Keep Your Feet Moving

           and your Heart Happy!

 

 

 

 

 

 DR. NORMA’S 21 WAYS FOR A HAPPY RELATIONSHIP

  1. Flirt with each other.
  2. Appreciate each other.
  3. Develop common interests.
  4. Develop your spiritual values.
  5. Listen before you attempt to problem solve.
  6. Learn to the art of decreasing your anxiety by self-soothing. Talk to yourself before acting. Calm yourself with your voice. Act when your brain (gray matter) is in charge, not your emotions. If you act out of your hindbrain, you will always make bad decisions.  This part of your brain has no humor, or gray matter. It can only rage, fight, and screw up.  (That does not mean making love.) This process is called “growing up” and developing maturity.
  7. Stop and think before you act.  Learn to tell the “real story.” Honesty creates respect.
  8. Develop empathy. Walk out of your shoes and walk in your partner’s shoes when there is conflict.
  9. Let go of resentment and anger. Behind resentment is a request or a desire. Behind anger is fear. Figure out your fears and listen to each other’s requests.
  10. Criticism, Contempt (calling each other names), Defensiveness, and Withdrawing will always cause a disconnect and eventually divorce.  Hitting, and intimidating are never acceptable.
  11. Discuss your financial expectations, many times.  Decide on your financial goals, Sometimes it is helpful to sign a contract with each other as to how you will spend your money.
  12. If you begin to fight about sex, stop, talk, and ask yourself, “ what is the resentment, and why are we fighting about great pleasure?
  13. Eat well, and exercise.  Don’t take anything into your body that you wouldn’t give your children.
  14. Develop the art of accepting each other.  At the same time, set healthy boundaries.
  15. All relationships have conflict. The difference is the way you solve your conflict. Do you get resolution of the problems and feelings?  Does your behavior change?
  16. Something has to change for something to change. That usually means your behavior.
  17. Give up the need to control in favor of gentle guidance.
  18. In a relationship, there is always a fine line between creating helpfulness and creating helplessness. That doesn’t mean that you don’t do for each other, but neither do you create a sense of helplessness in the other person.
  19. Appreciate and tell your partner that you appreciate him/her.
  20. Express your love. Don’t get into the habit of observing the relationship and not expressing your feeling. Example: “You should know that I love you,” This is deadly. There are no magic wands or crystal balls. You have to ask, listen and receive.
  21. The development of mature, long lasting love requires one to attach in a healthy way.
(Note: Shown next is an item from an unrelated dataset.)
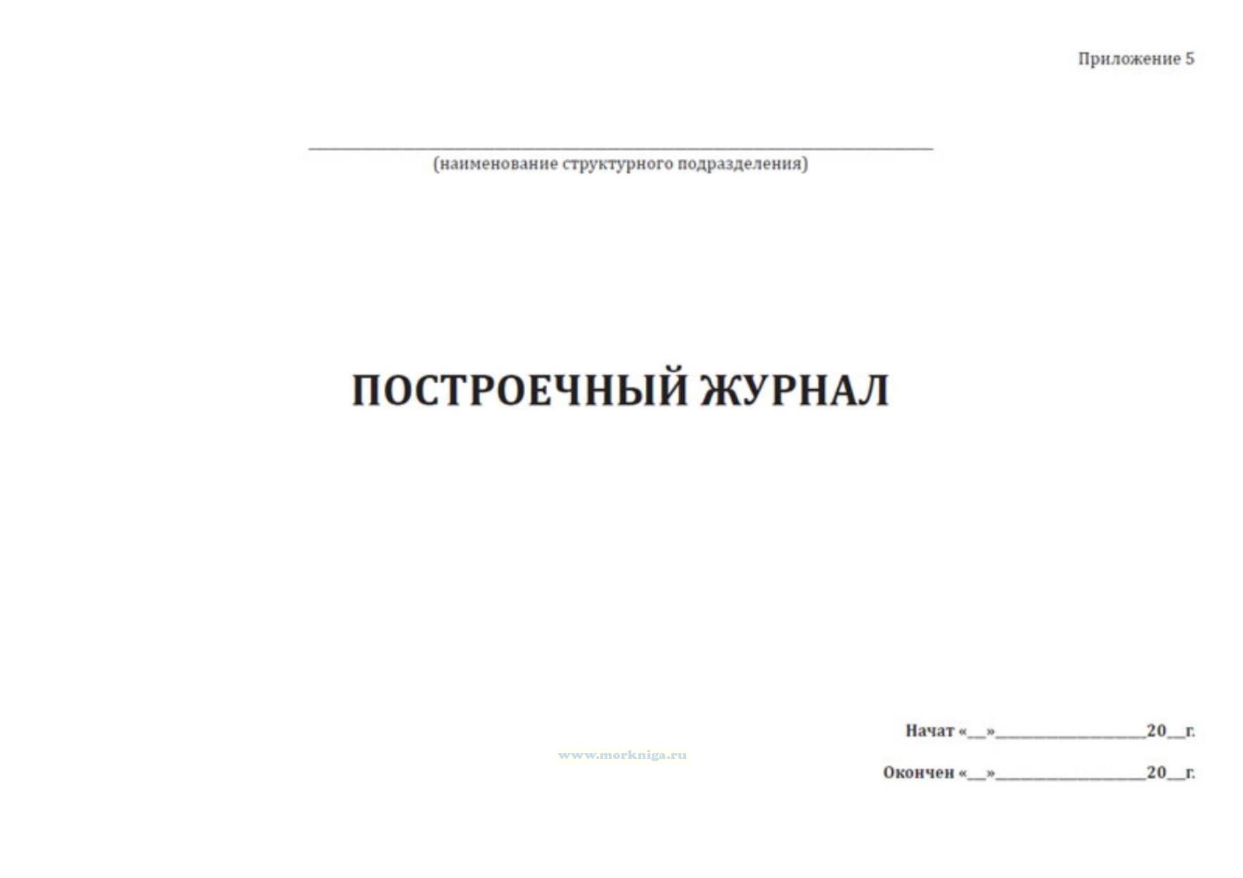 Форма построечного журнала соответствует Приложению 5 к Правилам Российского Речного Регистра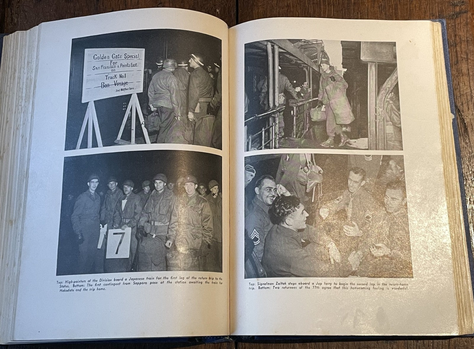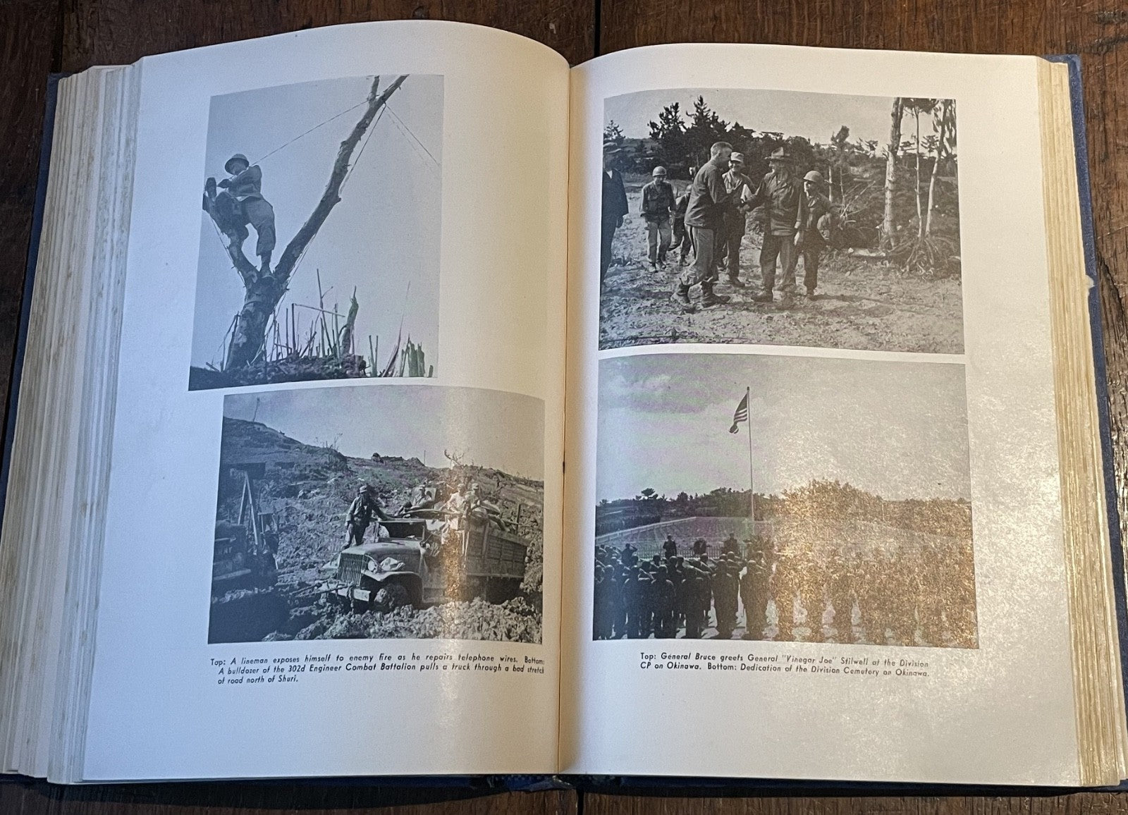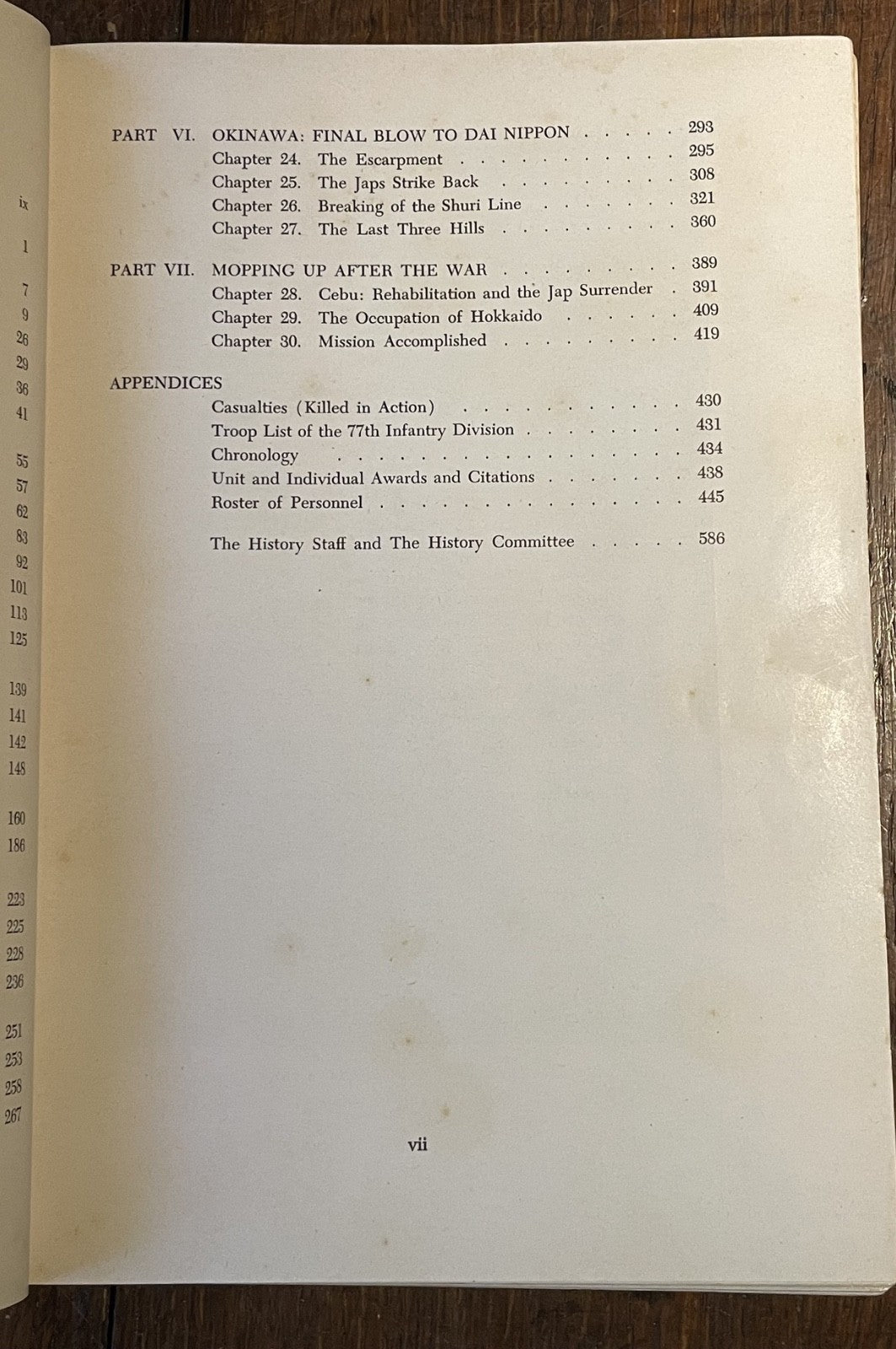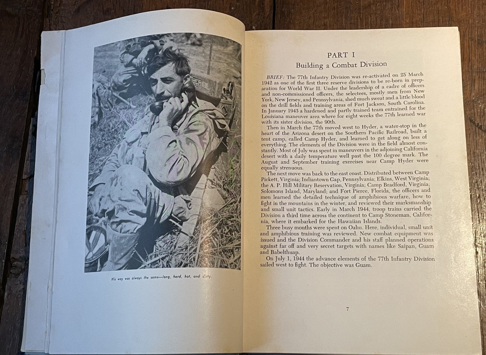 Book Details + Condition: Infantry Journal Press (Washington, DC). First Edition, 1947. Hardcover. 585 pages with maps and photographs. The book chronicles the 77th Infantry Division's combat experiences in the Pacific during WWII, including battles on Guam, Leyte, Kerama Retto, Ie Shima, and Okinawa. It was written by the soldiers themselves, and details the division's activation in 1942, its training, and its bloody island-hopping campaign against fierce Japanese resistance. The division was nicknamed the "Old Bastards" due to its composition of older draftees, who proved to be a formidable fighting force. Chapters include:

Attraction, and infatuation begin the relationship. Attachment is the core of the relationship.  This is what leads to enduring, loving relationships.  Attachment can’t occur if the relationship is always in conflict.  Our bodies are geared for survival. Perpetual conflict causes us to fight and leave----It is a primitive reflex that helped our ancestors to survive a dangerous world.

 ALWAYS STRIVE FOR A USER FRIENDLY RELATIONSHIP. 

GARBAGE IN—GARBAGE OUT.

 

 If your relationship boat is in stormy waters,

Send out an emergency, and get immediate help.